Data for this exercise:
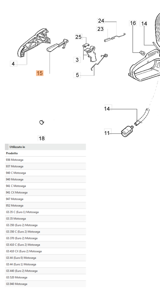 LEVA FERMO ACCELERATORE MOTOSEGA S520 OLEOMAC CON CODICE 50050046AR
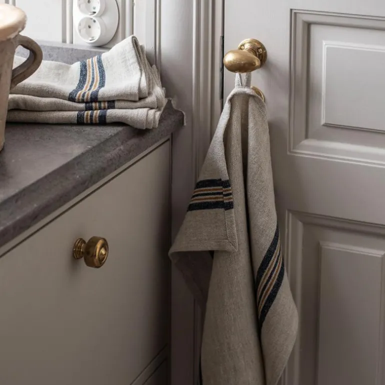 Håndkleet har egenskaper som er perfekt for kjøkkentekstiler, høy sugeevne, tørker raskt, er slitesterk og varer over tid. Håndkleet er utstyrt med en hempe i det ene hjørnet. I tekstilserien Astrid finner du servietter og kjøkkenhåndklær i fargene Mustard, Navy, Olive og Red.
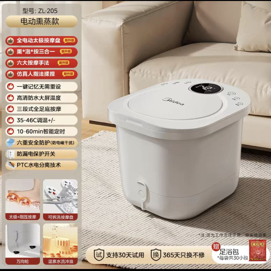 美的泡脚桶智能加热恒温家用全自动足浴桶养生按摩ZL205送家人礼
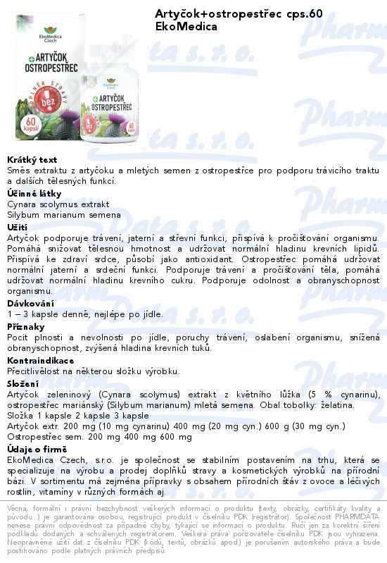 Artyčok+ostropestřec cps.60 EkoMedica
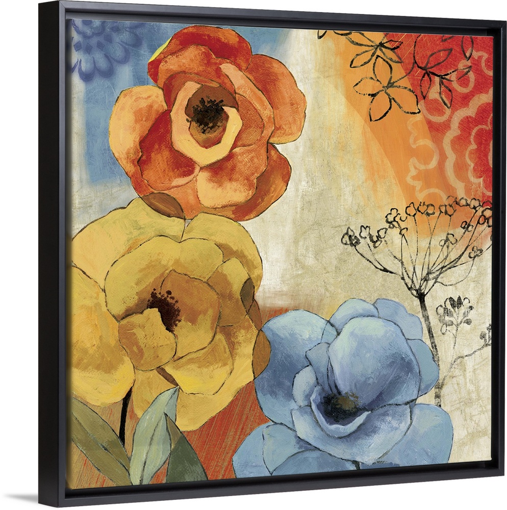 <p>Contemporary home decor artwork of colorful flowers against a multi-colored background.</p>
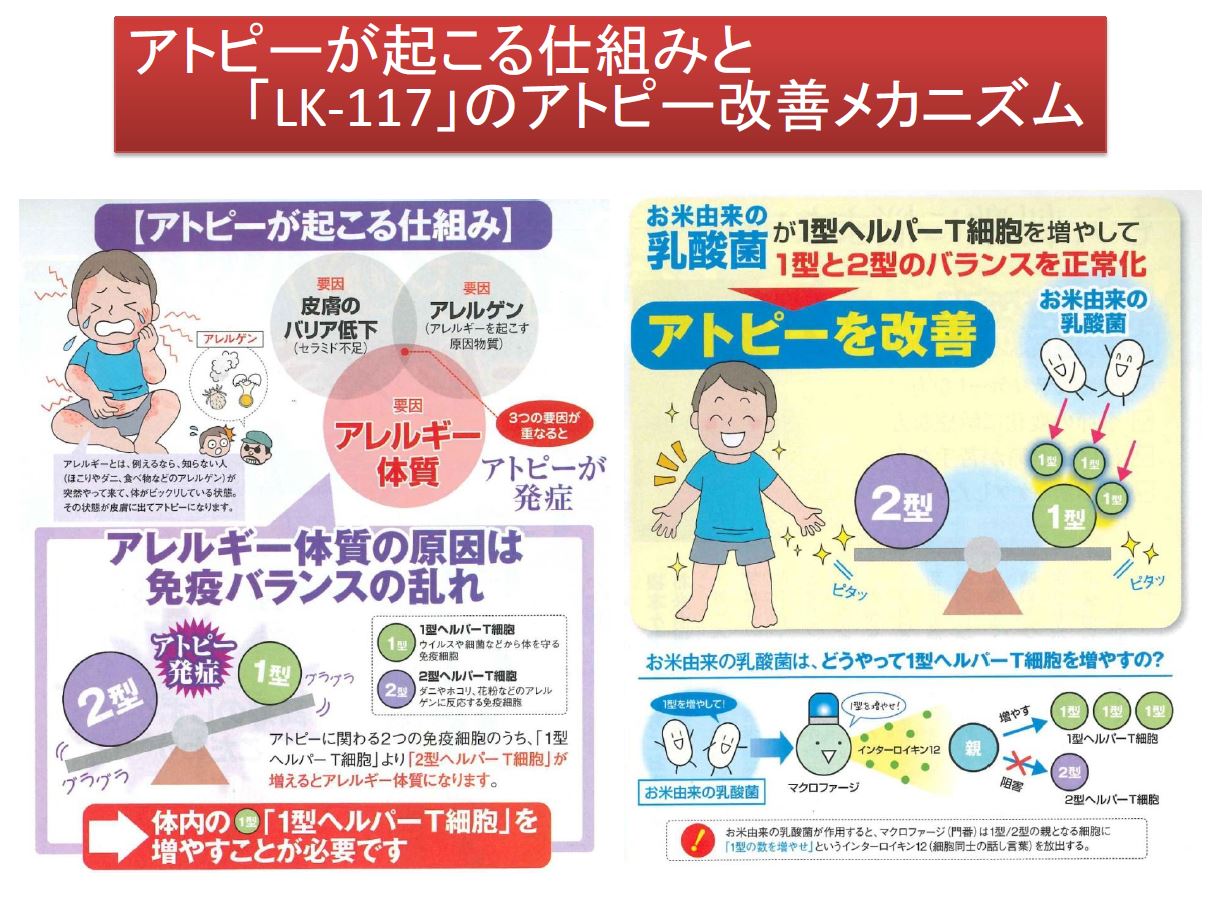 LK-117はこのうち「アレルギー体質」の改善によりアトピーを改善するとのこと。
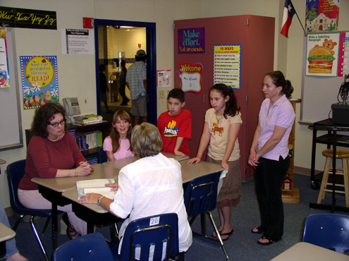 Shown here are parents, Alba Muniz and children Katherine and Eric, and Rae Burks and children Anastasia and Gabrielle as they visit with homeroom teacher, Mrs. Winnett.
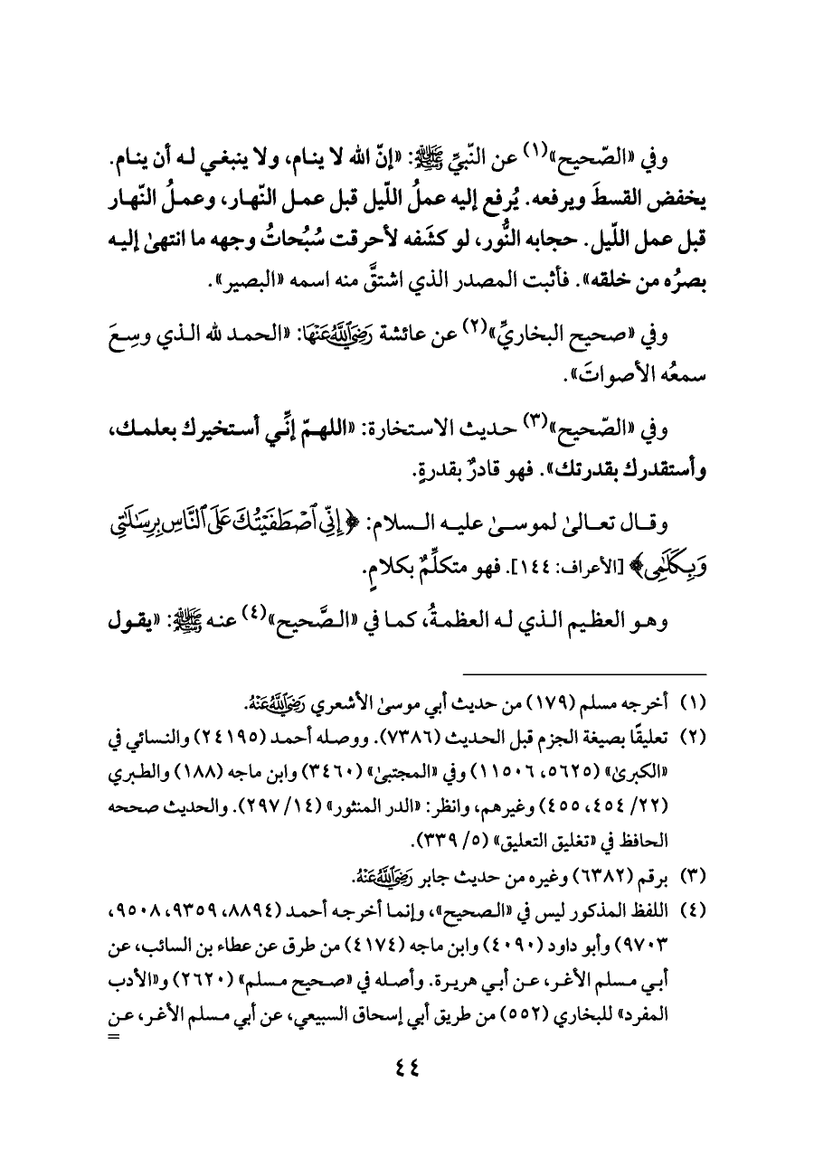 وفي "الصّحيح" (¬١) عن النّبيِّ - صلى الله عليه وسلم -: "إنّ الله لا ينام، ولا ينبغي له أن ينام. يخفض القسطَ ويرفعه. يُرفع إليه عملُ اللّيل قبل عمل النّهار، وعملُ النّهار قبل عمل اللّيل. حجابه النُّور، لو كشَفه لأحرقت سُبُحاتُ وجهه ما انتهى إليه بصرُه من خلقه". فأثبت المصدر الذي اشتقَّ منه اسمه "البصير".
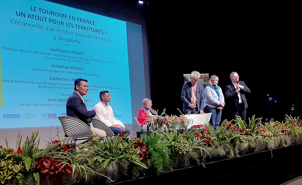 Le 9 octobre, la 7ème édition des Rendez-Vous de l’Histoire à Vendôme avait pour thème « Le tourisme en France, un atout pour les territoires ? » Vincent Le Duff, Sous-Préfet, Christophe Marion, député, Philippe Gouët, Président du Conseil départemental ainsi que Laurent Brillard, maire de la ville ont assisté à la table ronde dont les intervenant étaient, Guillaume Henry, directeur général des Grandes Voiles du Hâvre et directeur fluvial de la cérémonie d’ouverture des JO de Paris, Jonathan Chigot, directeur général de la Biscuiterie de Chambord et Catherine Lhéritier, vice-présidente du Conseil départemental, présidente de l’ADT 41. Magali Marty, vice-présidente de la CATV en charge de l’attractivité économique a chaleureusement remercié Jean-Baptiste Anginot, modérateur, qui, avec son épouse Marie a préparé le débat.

Exercise requirements:
Write out the records above exactly as they stand, leaving out every picture.

Final answer:
 LEVA FERMO ACCELERATORE MOTOSEGA S520 OLEOMAC CON CODICE 50050046AR
 Håndkleet har egenskaper som er perfekt for kjøkkentekstiler, høy sugeevne, tørker raskt, er slitesterk og varer over tid. Håndkleet er utstyrt med en hempe i det ene hjørnet. I tekstilserien Astrid finner du servietter og kjøkkenhåndklær i fargene Mustard, Navy, Olive og Red.
 美的泡脚桶智能加热恒温家用全自动足浴桶养生按摩ZL205送家人礼
 Artyčok+ostropestřec cps.60 EkoMedica
 <p>Contemporary home decor artwork of colorful flowers against a multi-colored background.</p>
 LK-117はこのうち「アレルギー体質」の改善によりアトピーを改善するとのこと。
 Shown here are parents, Alba Muniz and children Katherine and Eric, and Rae Burks and children Anastasia and Gabrielle as they visit with homeroom teacher, Mrs. Winnett.
 وفي "الصّحيح" (¬١) عن النّبيِّ - صلى الله عليه وسلم -: "إنّ الله لا ينام، ولا ينبغي له أن ينام. يخفض القسطَ ويرفعه. يُرفع إليه عملُ اللّيل قبل عمل النّهار، وعملُ النّهار قبل عمل اللّيل. حجابه النُّور، لو كشَفه لأحرقت سُبُحاتُ وجهه ما انتهى إليه بصرُه من خلقه". فأثبت المصدر الذي اشتقَّ منه اسمه "البصير".
 Le 9 octobre, la 7ème édition des Rendez-Vous de l’Histoire à Vendôme avait pour thème « Le tourisme en France, un atout pour les territoires ? » Vincent Le Duff, Sous-Préfet, Christophe Marion, député, Philippe Gouët, Président du Conseil départemental ainsi que Laurent Brillard, maire de la ville ont assisté à la table ronde dont les intervenant étaient, Guillaume Henry, directeur général des Grandes Voiles du Hâvre et directeur fluvial de la cérémonie d’ouverture des JO de Paris, Jonathan Chigot, directeur général de la Biscuiterie de Chambord et Catherine Lhéritier, vice-présidente du Conseil départemental, présidente de l’ADT 41. Magali Marty, vice-présidente de la CATV en charge de l’attractivité économique a chaleureusement remercié Jean-Baptiste Anginot, modérateur, qui, avec son épouse Marie a préparé le débat.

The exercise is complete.